Editorial: Australia and India - Common Goals, Budding Partnership

By Rory Medcalf

A serious strategic partnership between Australia and India has long been a missing link in the security architecture of Indo-Pacific Asia. Now the gap is at last being filled, if a high-level visit this week is anything to go by.
Australian Foreign Minister Bob Carr was in New Delhi on January 21st and 22nd, to follow up the visit by Prime Minister Julia Gillard last October, which itself had heralded a breakthrough in ties between these two Indian Ocean democracies. Carr’s talks with his Indian counterpart Salman Khurshid had a strong security focus. 

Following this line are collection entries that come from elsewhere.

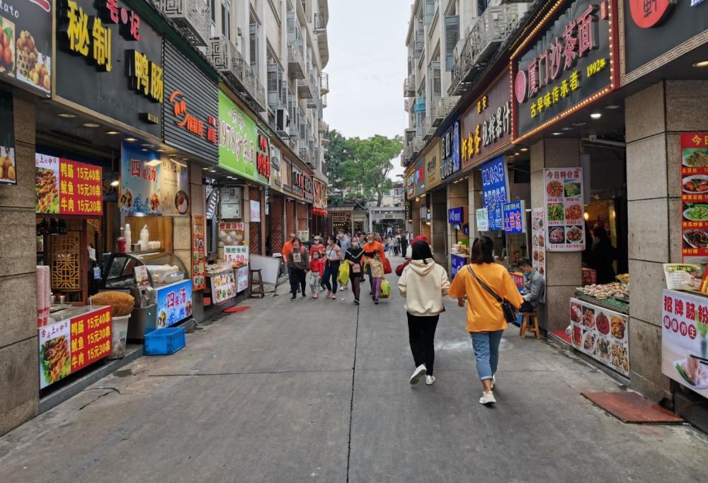 这里很多商铺都有年头了,中华老字号光华药店、黄则和花生店,很多都是厦门人从小逛到大的。天仙宾馆,厦门最古老的旅馆之一,1933创办,著名诗人郁达夫来到厦门时就曾下榻于此。
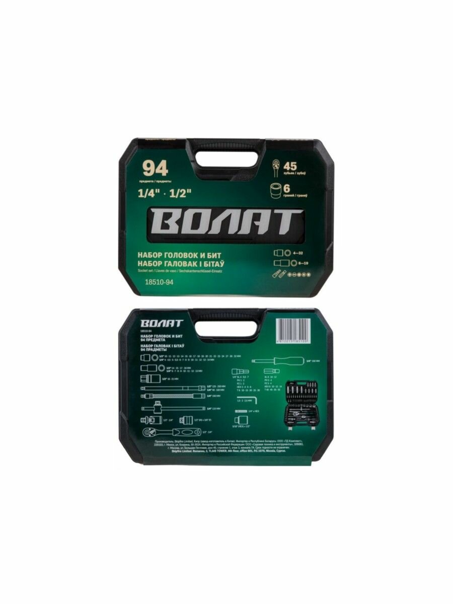 Набор инструментов Волат 1/4 , 1/2 6 граней 94 предмета 18510-94 .
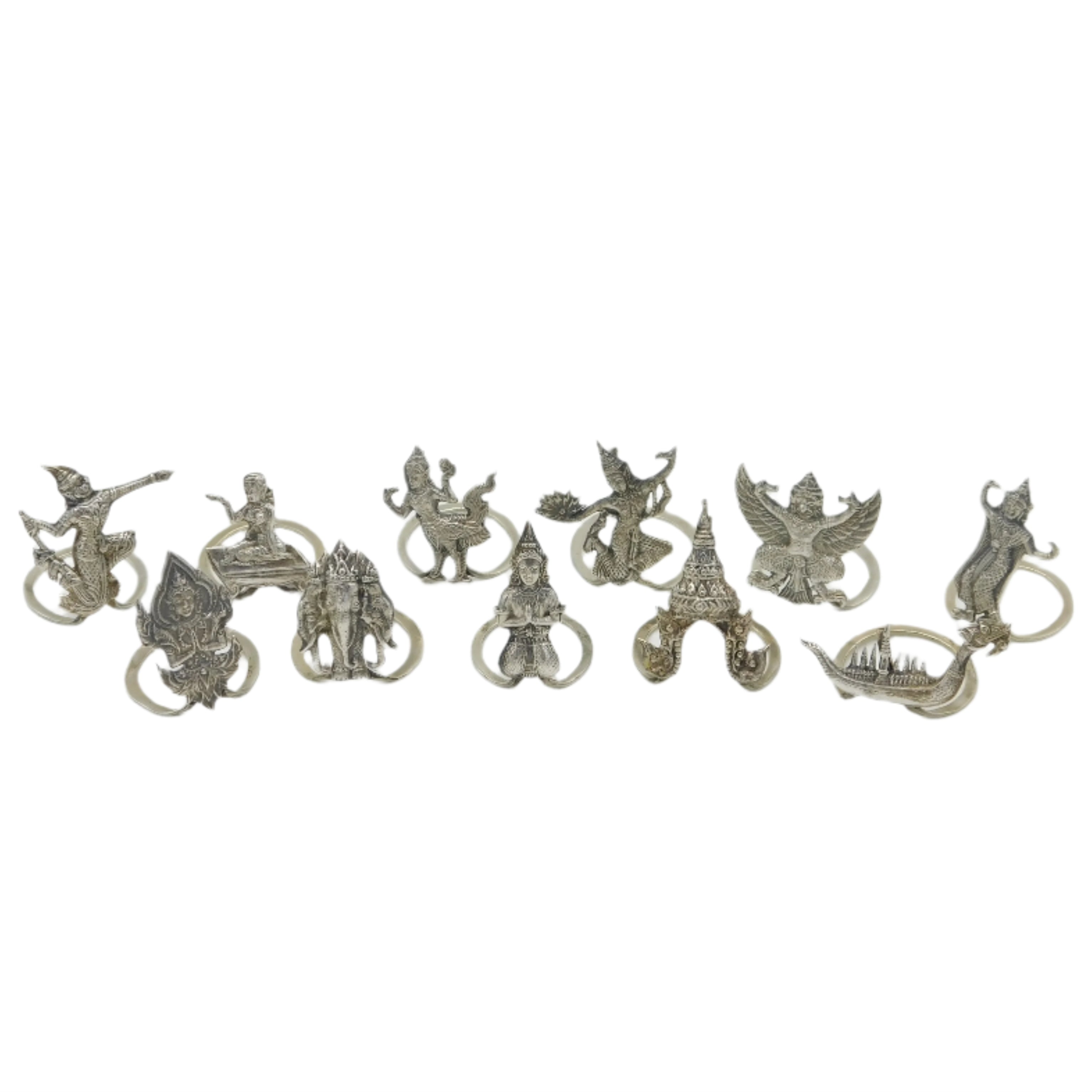 Siam Set of Sterling Silver God, Boat & Temple Form Place Settings Antique c1920 Art Deco
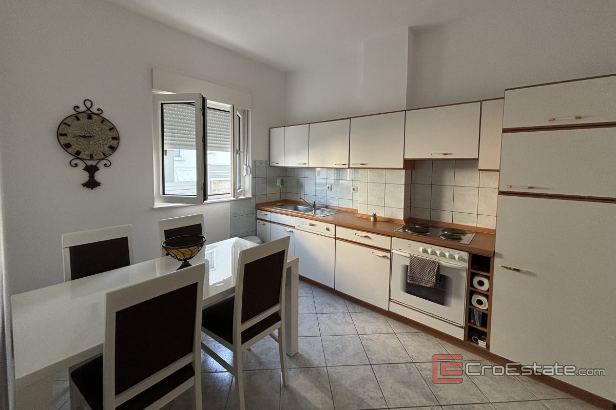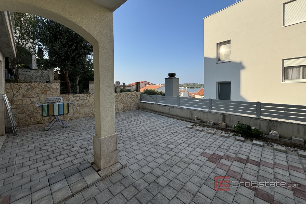 Three bedroom apartment with partial sea view in Okrug Gornji, on Čiovo, 90,23 m² big. It is located on the ground floor of a south oriented building surrounded by similar residential buildings.

During the Cold War these were two democracies were estranged by the Western-Soviet divide. From the 1970s until recently, India's isolation by the nuclear non-proliferation regime prolonged mistrust between New Delhi and Canberra, long a self-styled anti-nuclear white knight.
Yet with a raft of growing shared security concerns ranging from the rise of China to transnational maritime issues and the scourge of jihadist terrorism, and with rapidly deepening economic and societal links, the logic of closer ties between Australia and India is now clear. Australia is now a major energy exporter to India's voracious economy, and Indian migration and investment is now helping sustain Australia’s own economic success.